The National Academy of Sciences issued a report Sept. 9 calling for a comprehensive national plan to combat underage drinking.
The panel urged alcohol manufacturers, businesses, the entertainment industry, parents and other adults to develop “a deep, shared commitment” to working together to curb drinking by minors.
“All segments of U.S. society should address underage drinking in a serious, coordinated and sustained manner,” said Richard J. Bonnie, a professor at the University of Virginia and chairman of the committee that wrote the report. “We have to find effective ways to protect our nation’s youth, while we respect the interests of responsible adult consumers of alcohol.”
Recommendations called for heightened adult supervision of children’s behavior and for the alcohol and entertainment industries to take stronger steps to shield young people from unsuitable messages about alcohol consumption.
The report’s most controversial recommendation called for raising excise taxes on beer, the alcoholic beverage that youth most prefer. The report said that when adjusted for inflation, alcohol is cheaper than it was 30 to 40 years ago and cited studies showing that even small changes in tax rates discourage youths with a limited discretionary income from drinking.
A spokesman for the alcohol industry, however, said the NAS panel relied on erroneous information and called the recommendation for raising excise taxes on beer “misguided.”
“Experience has shown that the only clear results from increasing beer excise taxes are higher unemployment and higher prices for responsible adults—such measures do nothing to lower teen drinking,” Jeff Becker, president of the Beer Institute, said in a statement.
The NAS study said that more young people drink alcohol than use other drugs or smoke tobacco. Underage drinking costs the nation an estimated $53 billion a year in losses stemming from traffic fatalities, violent crime and other risky behaviors, the study said.
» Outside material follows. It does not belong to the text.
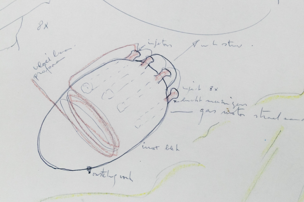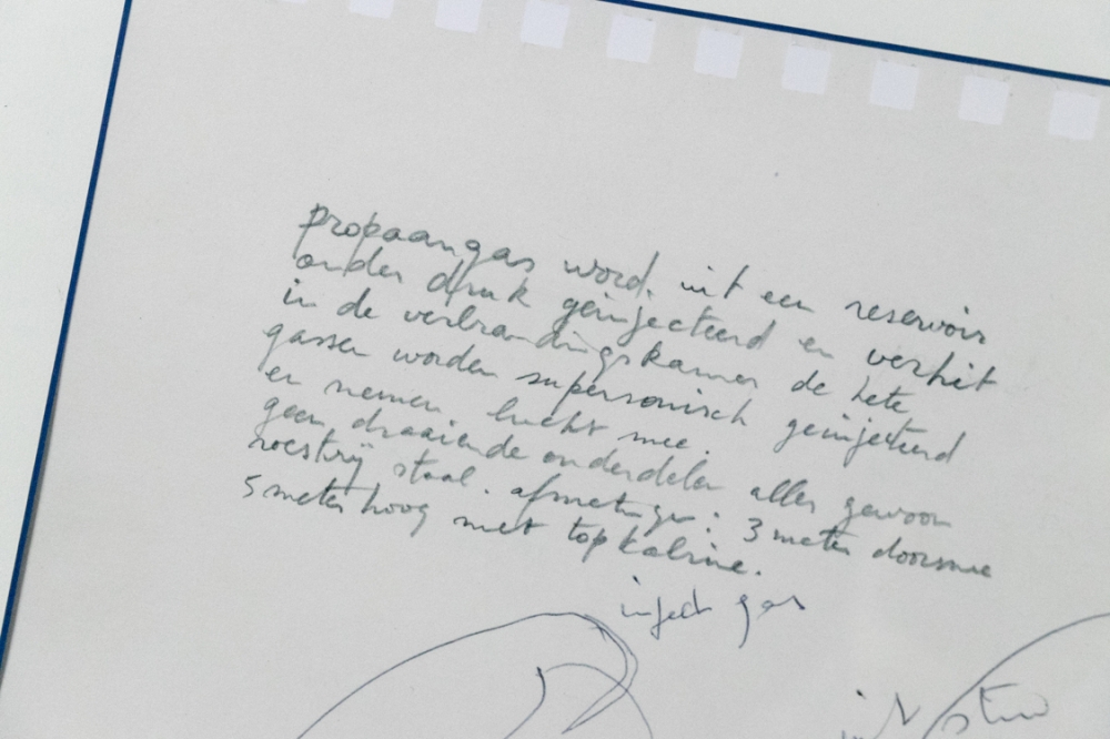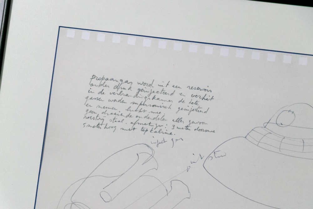 What is special about the work is that it contains a writing error. The text mentioned on the work "Propane gas word" must be written with dt. This is what characterizes Panamarenko.
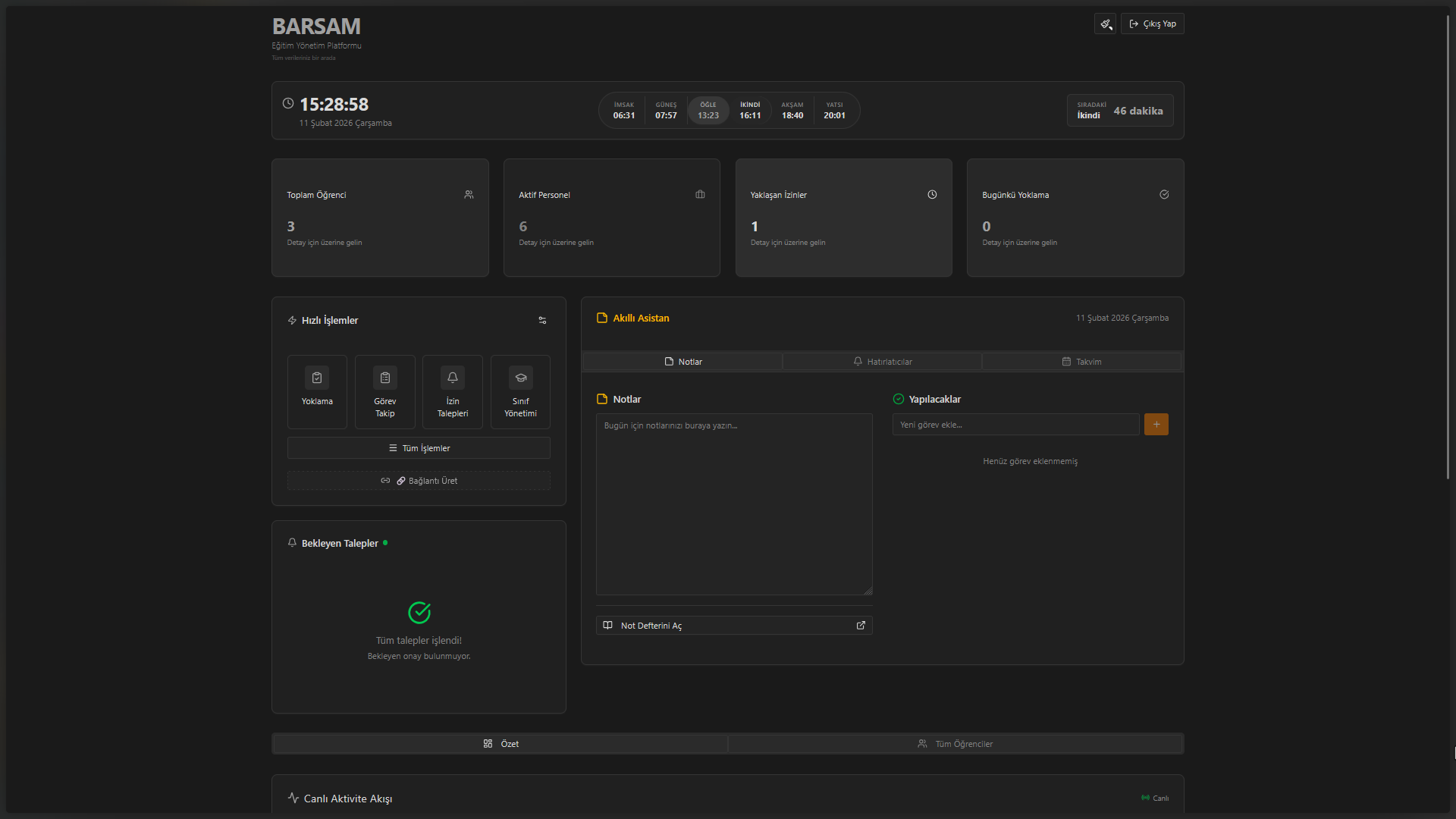 Lise & Kolej Yönetim Paneli — Gerçek zamanlı öğrenci, personel ve yoklama verileri

Mothers Against Drunk Driving hailed the NAS report.
“Underage drinking is our nation’s No. 1 youth drug problem, killing 6.5 times more youth than all illicit drugs combined, yet the issue has been virtually absent from the federal agenda,” Wendy J. Hamilton, MADD national president, said in a statement.
Kathryn Swanson, chairwoman of the Governors Highway Safety Association, said her group is “very encouraged” by the NAS report and recommendations. “Although the problem is less severe than it was a decade ago, underage drinking and driving remains one of the top challenges faced by state highway safety offices,” Swanson said in a statement.
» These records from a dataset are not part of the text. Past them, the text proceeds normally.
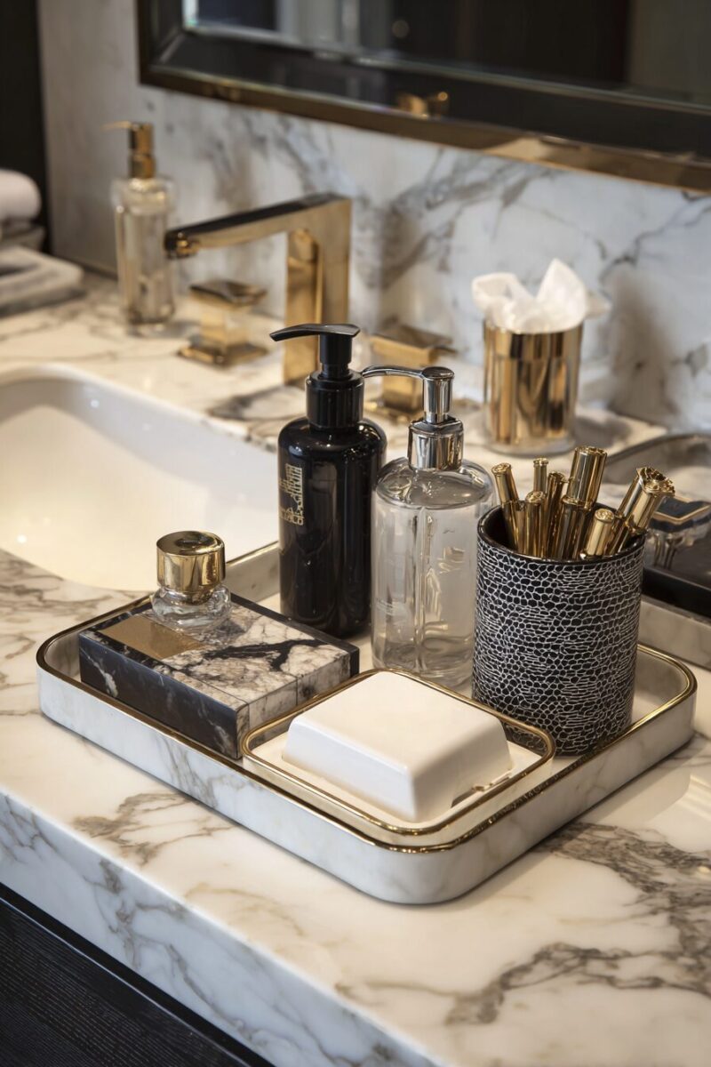A single marble tray transforms your bathroom counter from chaotic to curated, creating a designated space where your daily essentials look like they belong in a high-end boutique hotel.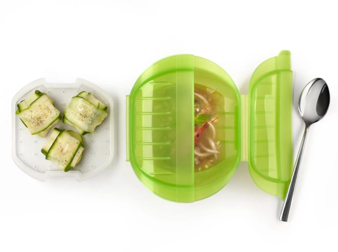 Para las personas que llegan tarde a casa y quieren preparar una cena sencilla, sabrosa y saludable, es una buena herramienta porque poniendo unos filetes de pescado y unas verduras, pueden tener un plato completo listo en 10 minutos. También para quienes les da pereza ensuciar cacharros de cocina para hacer la comida para uno, este estuche después se lava muy fácilmente porque es antiadherente, además, se puede introducir en el lavavajillas.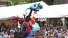 The Pentecôte du Roi Arthur is a medieval spectacle with jonglerie, storytellers, camps, storytelling, camps and other displays such as historical reenactment and living history.[39] As the name suggests, it coincides with the date of Pentecost. It is a celebration of spring and the adventures and encounters which it brings,[40] but most importantly (according to Ouest-France) it is an evocation of King Arthur's coronation day (as described by Robert de Boron in the 13th century) and his commitment to the Church. It was also on Pentecost that the Holy Grail appeared to the Knights of the Round Table.[41]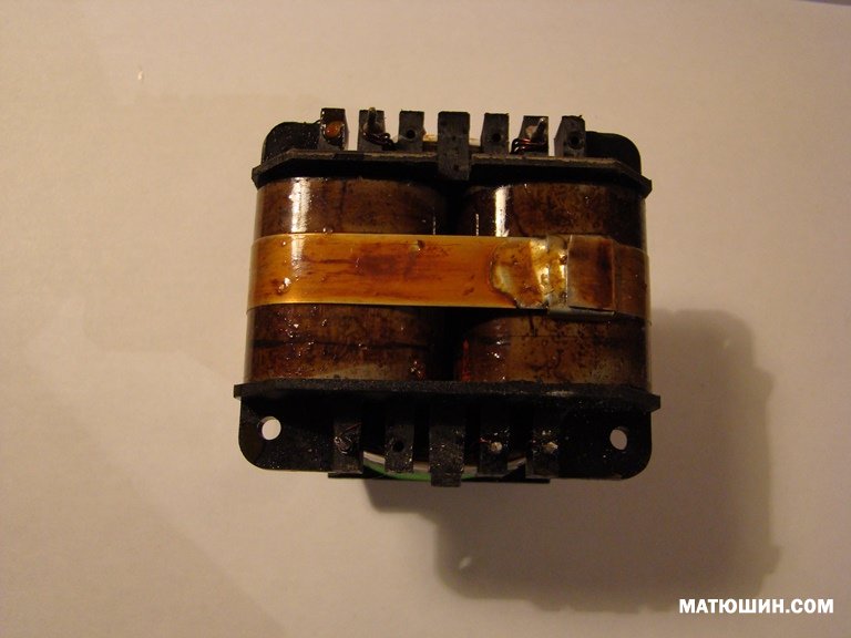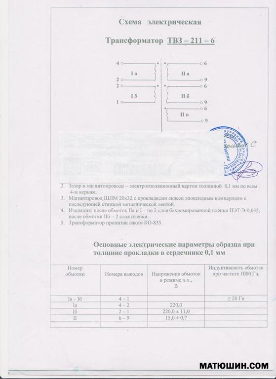 Габаритная мощность по железу 60Вт, индуктивность первичной обмотки более 20Гн, омическое 375 Ом.пропитан лаком на основе эпоксидной смолы., толщина ленты 0,3мм, сталь типа Э3408.

Join Together, a project against substance abuse and gun violence sponsored by the Boston University School of Public Health, also welcomed the NAS recommendations.
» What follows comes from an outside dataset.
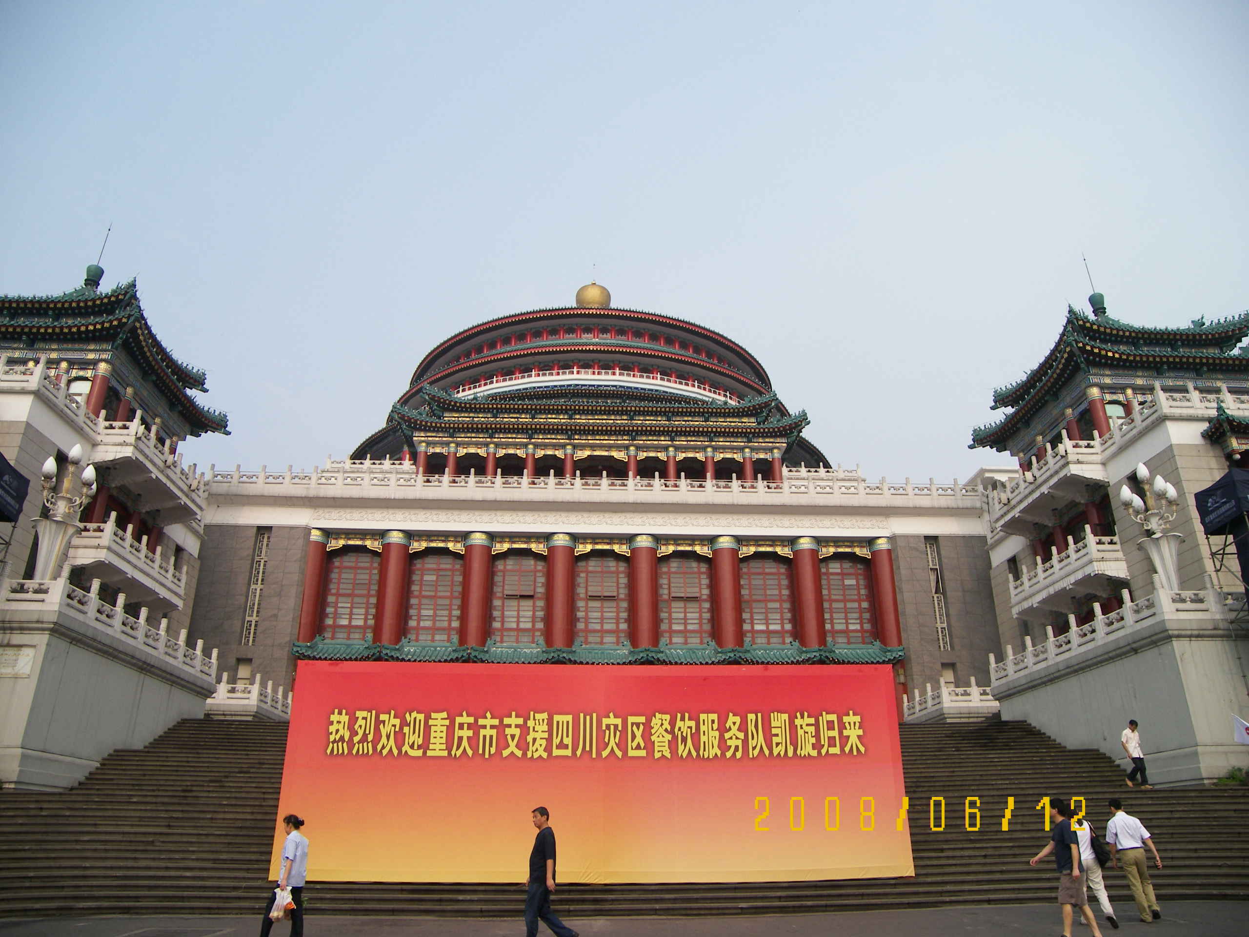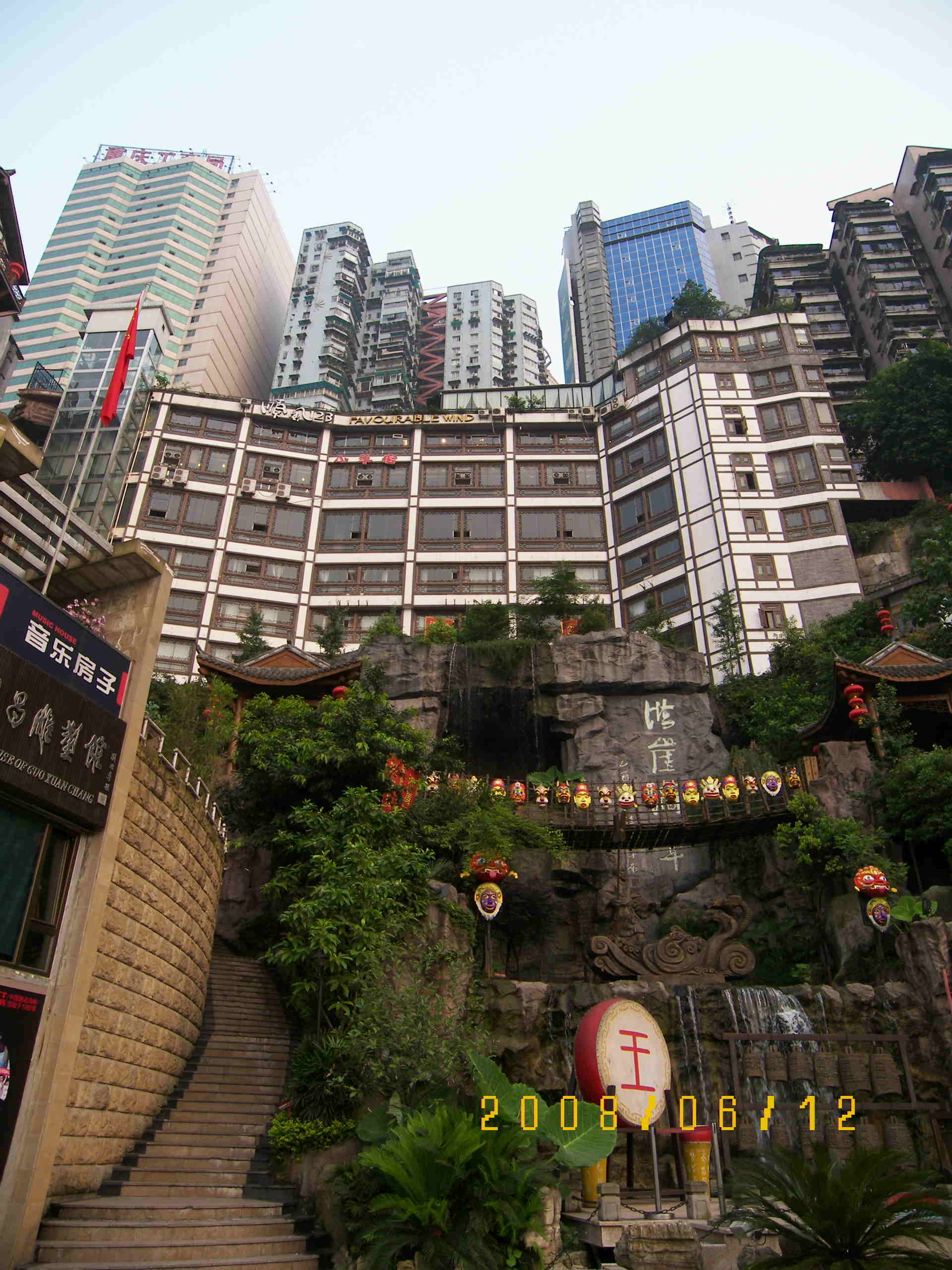 16:55出紅巖村乘215路去大禮堂(1元),大禮堂可以說是是重慶市的標志性建筑了,始建于1951年,1954年竣工.建筑氣勢雄偉,金碧輝煌,是中國傳統(tǒng)宮殿建筑風格與西方建筑的大跨度結(jié)構(gòu)巧妙結(jié)合的杰作.五層的建筑, 1997年重慶直轄以來,還專門撥款對大禮堂實施了四次較大的內(nèi)部維修改造工程.2006年又經(jīng)歷了一次搶救性的修復,才有目前的壯觀雄偉.緊趕慢趕就怕來不及,好在此是18:30關門,趕得及看,穹頂是一大亮點.出大禮堂就是人民廣場了,也是97年重慶直轄改造那次,拆除大禮堂圍墻修建的.因為說是15號奧運火炬要過來,廣場上旗幟飄舞,還有很多老阿姨在跳扇子舞.因為三峽博物館也關門了,所以考慮從人和走山城步道,但問下來又是上坡的路,還是免了吧,寧走平路三千里,不爬山上一個坡.還是去洪崖洞吧.

“The NAS recommendations should be adopted because there is strong research evidence to show that they will save lives,” said David Rosenbloom, director of Join Together. “The only opposition will come from the beer manufacturers and dealers, because they also know that the proposals will reduce the underage drinking that bloats their profits.”
Alcohol manufacturers, however, denied that they market their products to young people.
The American Beverage Institute said the panel was “stacked with neo-Prohibitionists,” alleging that nine of the 12 panelists are associated with anti-alcohol causes.
“A panel so heavily stacked with individuals bearing an anti-alcohol agenda cannot be expected to report objectively,” the group said in a news release.
A report issued the same day by the Federal Trade Commission concluded the alcohol industry does not intentionally market its product to young people. Critics said the FTC report relied too heavily on information provided by the alcohol industry.
Bob Allen is managing editor of EthicsDaily.com.